Getting the individual probability from Gradient Boosting Models

Motivation

The convenience of twang package of getting weights from choosing estimands causing me so curious how I can manually fitting PS model using Gradient Boosting Models.
Hence, below I demonstrate how I can do it using the caret and xgboost packages
Goal:
- Fitting logistic model vs GBM
- Extract the individual probability from GBM
- Calculating the accuracy between logistic vs GBM
- Comparing individual probability between 2 methods

Setup

library(tidyverse)
library(caret)
library(xgboost)
library(pROC)

Load data

# Load the data and remove NAs
data("PimaIndiansDiabetes2", package = "mlbench")
df <- na.omit(PimaIndiansDiabetes2)

Description from ?mlbench::PimaIndiansDiabetes2
A data frame with 768 observations on 9 variables.

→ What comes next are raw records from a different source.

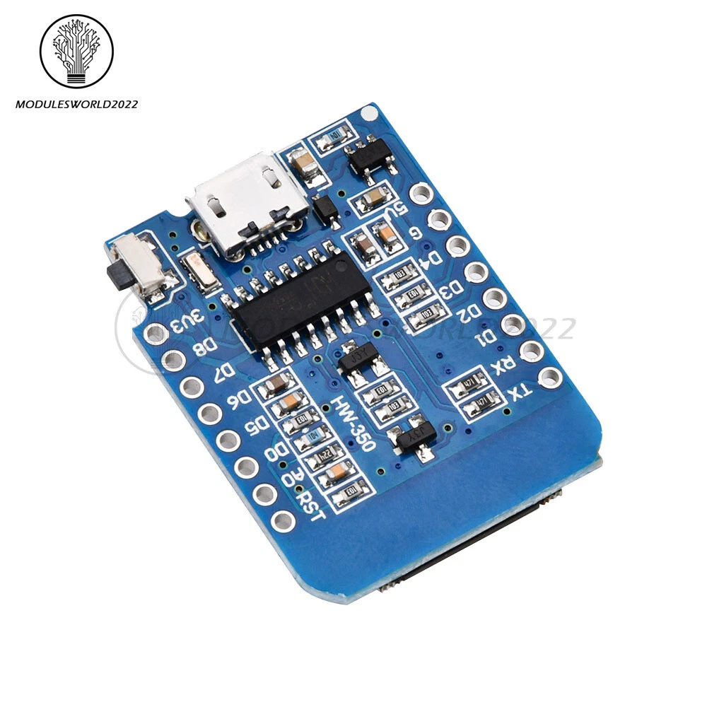 Store Categories Store Categories Other Product View Details Descriptions: This is D1 mini, it is a mini WIFI board based on ESP-8266EX. 11 digital input/output pins, all pins have interrupt/pwm/I2C/one-wire supported(except D0 ) 1 analog input(3.3V max input) a Type-C/Micro USB connection How to get started in Arduino: Setup driver Before you use miniD1 boards, you need setup CH340g driver. Python On Windows you need install Python 2.7.10. On Linux & MAC OSX, you don't need install it, comes preinstalled with OS. Installing Hardware package There is two ways to install hardware package, Boards Manager or GIT Installing with Boards Manager Starting with 1.6.4, Arduino allows installation of third-party platform packages using Boards Manager. We have packages available for Windows, Mac OS, and Linux (32 and 64 bit). <1>. Install Arduino 1.6.7 from the Arduino website. <2>. Start Arduino and open Preferences window. <3>.Enter http://arduino.esp8266.com/stable/package_esp8266com_index.json into Additional Boards Manager URLs field. You can add multiple URLs, separating them with commas. <4>. Open Tools→Board:xxx→Boards Manager and install esp8266 by ESP8266 Community (and don't forget to select your ESP8266 board from Tools > Board menu after installation). Installing with GIT (Recommend): We recommend using GIT to install Hardware package, you can always get the latest version of it. Packge Included : 1/2/5/10Pieces ESP8266 ESP-12 ESP12 WeMos D1 Mini WIFI Dev Kit Development Board NodeMCU Lua Shipping Policy Payment Method Returns Policy Shipping Policy Payment Method Returns Policy Home Payment Shipping About us Contact us Copyright©2018 datacaciques Home Payment Shipping About us Contact us Store Categories Store Categories Other Product View Details Descriptions: This is D1 mini, it is a mini WIFI board based on ESP-8266EX. 11 digital input/output pins, all pins have interrupt/pwm/I2C/one-wire supported(except D0 ) 1 analog input(3.3V max input) a Type-C/Micro USB connection How to get started in Arduino: Setup driver Before you use miniD1 boards, you need setup CH340g driver. Python On Windows you need install Python 2.7.10. On Linux & MAC OSX, you don't need install it, comes preinstalled with OS. Installing Hardware package There is two ways to install hardware package, Boards Manager or GIT Installing with Boards Manager Starting with 1.6.4, Arduino allows installation of third-party platform packages using Boards Manager. We have packages available for Windows, Mac OS, and Linux (32 and 64 bit). <1>. Install Arduino 1.6.7 from the Arduino website. <2>. Start Arduino and open Preferences window. <3>.Enter http://arduino.esp8266.com/stable/package_esp8266com_index.json into Additional Boards Manager URLs field. You can add multiple URLs, separating them with commas. <4>. Open Tools→Board:xxx→Boards Manager and install esp8266 by ESP8266 Community (and don't forget to select your ESP8266 board from Tools > Board menu after installation). Installing with GIT (Recommend): We recommend using GIT to install Hardware package, you can always get the latest version of it. Packge Included : 1/2/5/10Pieces ESP8266 ESP-12 ESP12 WeMos D1 Mini WIFI Dev Kit Development Board NodeMCU Lua Shipping Policy Payment Method Returns Policy Shipping Policy We will arrange shipping for you within 24 Hours after payment cleared except the holidays. -We ship items to Worldwide. Thank you! -we will ship out the order in 1-2 business days after payment cleared .Since it is international shipping ,delivery time is about 15--28 business days to arrive to most countries. Payment Method We accept PayPal payment ONLY, and must be received within 5 days from the date of purchase. 2. It is easy and safe for you to pay by credit cards, debit cards, bank transfers and PayPal account balances. 3.Buyers are responsible for import duties,custom fees and taxes, if any, please check your country. Returns Policy 1.We believe our items are so outstanding. We are convinced you will be happy with your Purchase. 2. If you do not satisfy with our items. Please simply return to us within 30 Days in original condition. Just pay for the returned postage. Then we can issue full refund or resend the item to you after the returned item arrived at our warehouse. 3. Please include your eBay ID and item number with any email requests.
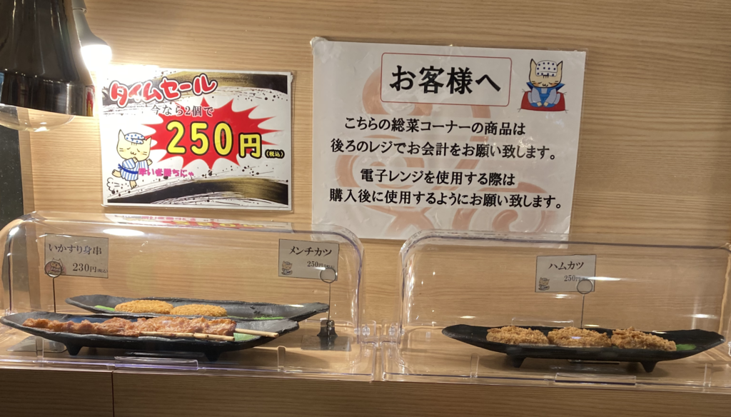 この日は、メンチカツとハムカツ、2つ合わせて250円。
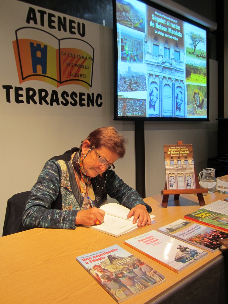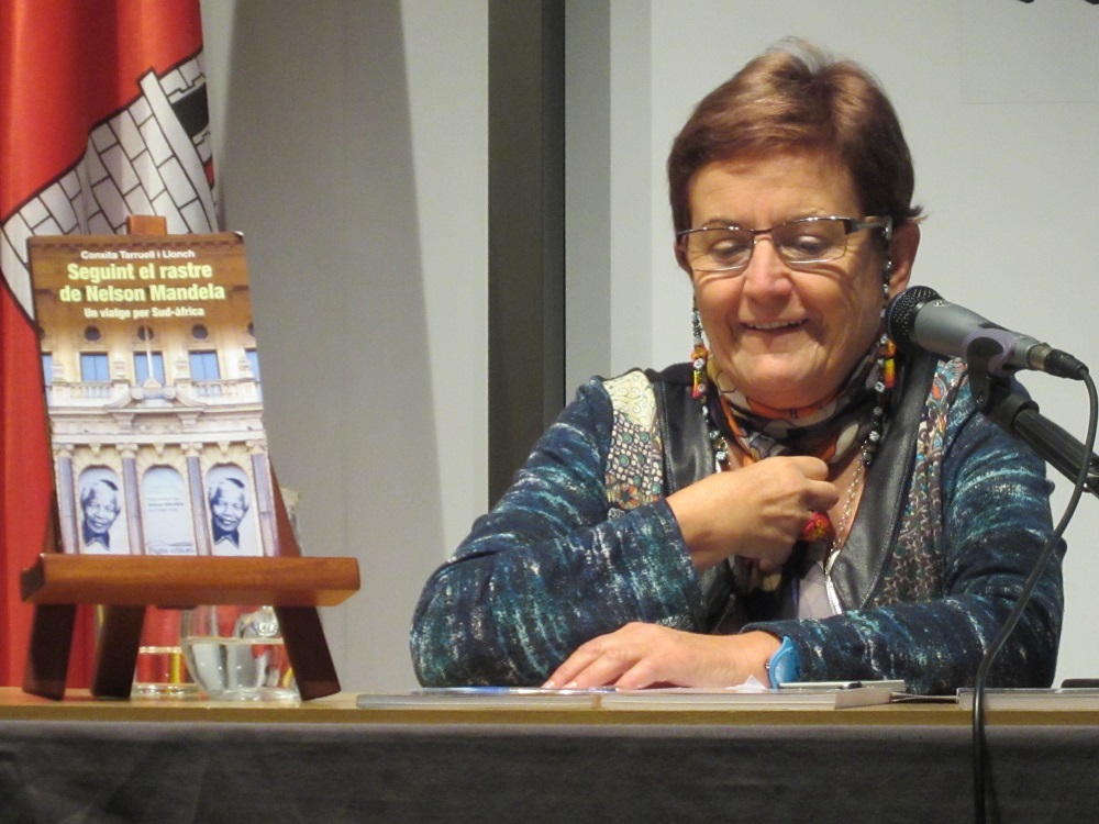 L’escriptora Conxita Tarruell ha presentat el seu llibre “Seguint el rastre de Nelson Mandela. Un viatge per Sud-àfrica” a l’AteneuDe vegades les grans conseqüències dels nostres actes poc tenen a veure amb les nostres intencions. La Conxita Tarruell i la Rosa Pi tenien interès en millorar les habilitats en llengua anglesa i van pensar que a Sud-àfrica era un bon lloc. Poc sabien dels avatars que els hi esperaven.Inicialment la Ciutat del Cap, la segona ciutat de Sud-àfrica i molt a prop del Cap de Bona Esperança va ser el seu destí. Una ciutat que per dimensió, clima, amabilitat i orografia els hi va recordar molt a Barcelona.Des de la Muntanya de la Taula, farcida de flors, es visualitza la ciutat, una de les mes boniques del món. Des d’aquella alçada sovint els parapentistes es llencen al vuit i arriben a la platja. Un actiu port era el punt on històricament fondejaven les embarcacions provinents d’Àsia que encara no disposaven del Canal de Suez.Una reserva al nord-est del país, el Parc Kruger on es poden visualitzar els grans mamífers com el rinoceront, l’elefant, el lleopard o el búfal, i encabat les visites a les ciutats Johannesburg i Pretòria construeixen la amena exposició i les imatges de la presentació corresponent als tres primers capítols del llibre «Seguint el rastre de Nelson Mandela»La última part de la presentació es centra en la visita de la presó on va estar confinat en una cel·la de ínfimes dimensions, les vivències compartides amb les últimes setmanes del gran humanista africà i la mobilització social al voltant del hospital on estava ingressat. Això va ser el que va animar a plasmar en un llibre el recull d’aquestes experiències i el llegat de Mandela.La relació amb l’arquebisbe anglicà Desmond Tutu guardonat en el 2014 amb el Premi Internacional de Catalunya que va acabar d’animar a la Conxita va acabar el llibre que avui s’ha presentat a l’Ateneu Terrassenc.
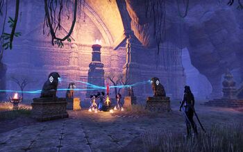 Я помог Лунной избраннице Шазе запечатать источники скверны в форте Гримвотч. Теперь нам с ее сестрой Кали предстоит исследовать раскопанный каджитский храм. Как и ожидалось, я сумел рассеять барьер. Теперь мы можем войти в храм.
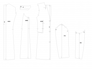 3面体のドクターコートになりますが、一般的な3面体のコートの形と比べた時にどのようにパターンの形状が異なるのかについて見ていきます。この袖の形について今回は考えてみたいと思います。
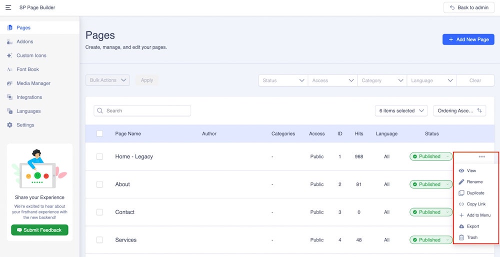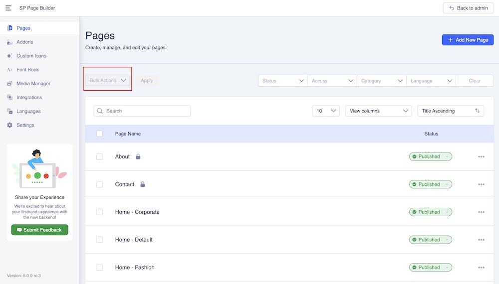 Core Joomla default features such as taking Bulk Actions, Sorting, Status, and Filter Options are also available on the SP Page Builder dashboard.
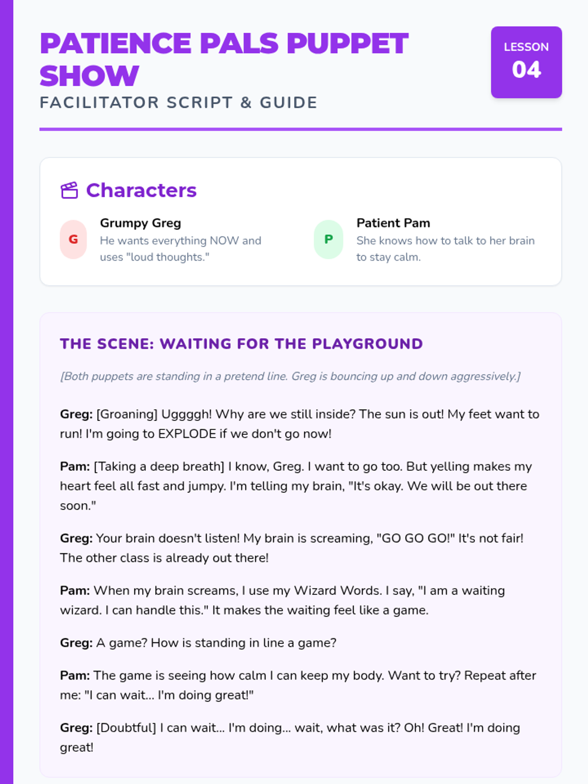A puppet show script featuring characters 'Grumpy Greg' and 'Patient Pam' to demonstrate the power of self-talk during waiting periods.
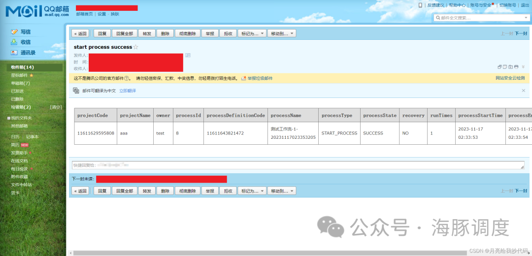 我这里选择的通知策略是不管成功或失败都发送通知,设置完成后,点击确定,等待工作流执行完成后,就会收到发送过来的通知邮件了(有 10 秒左右的延迟)。
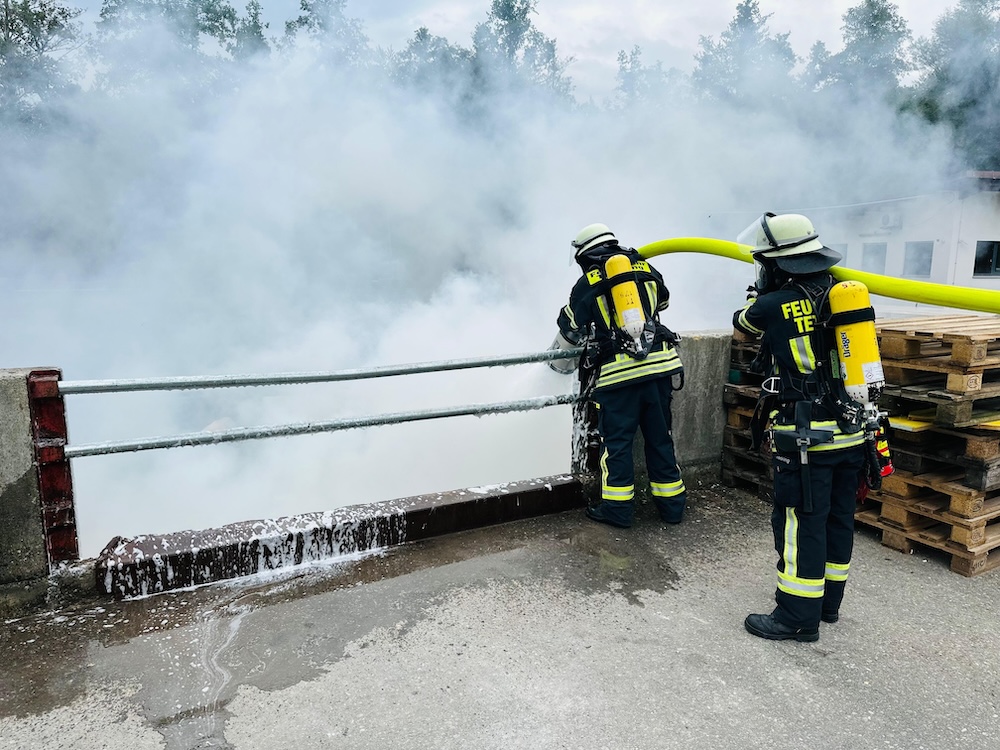 Mit einem Schaumrohr konnte das Feuer schließlich gelöscht werden.
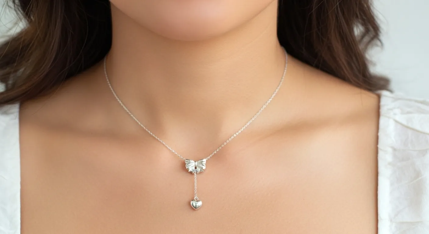 Heart Pendant Necklace – Romantic Elegance with a Dainty Bow Charm

Usage data(PimaIndiansDiabetes)
data(PimaIndiansDiabetes2)

Format pregnant Number of times pregnant
glucose Plasma glucose concentration (glucose tolerance test)
pressure Diastolic blood pressure (mm Hg)
triceps Triceps skin fold thickness (mm)
insulin 2-Hour serum insulin (mu U/ml)
mass Body mass index (weight in kg/(height in m)^2) pedigree Diabetes pedigree function
age Age (years)
diabetes Class variable (test for diabetes)

Details
The data set PimaIndiansDiabetes2 contains a corrected version of the original data set. While the UCI repository index claims that there are no missing values, closer inspection of the data shows several physical impossibilities, e.g., blood pressure or body mass index of 0.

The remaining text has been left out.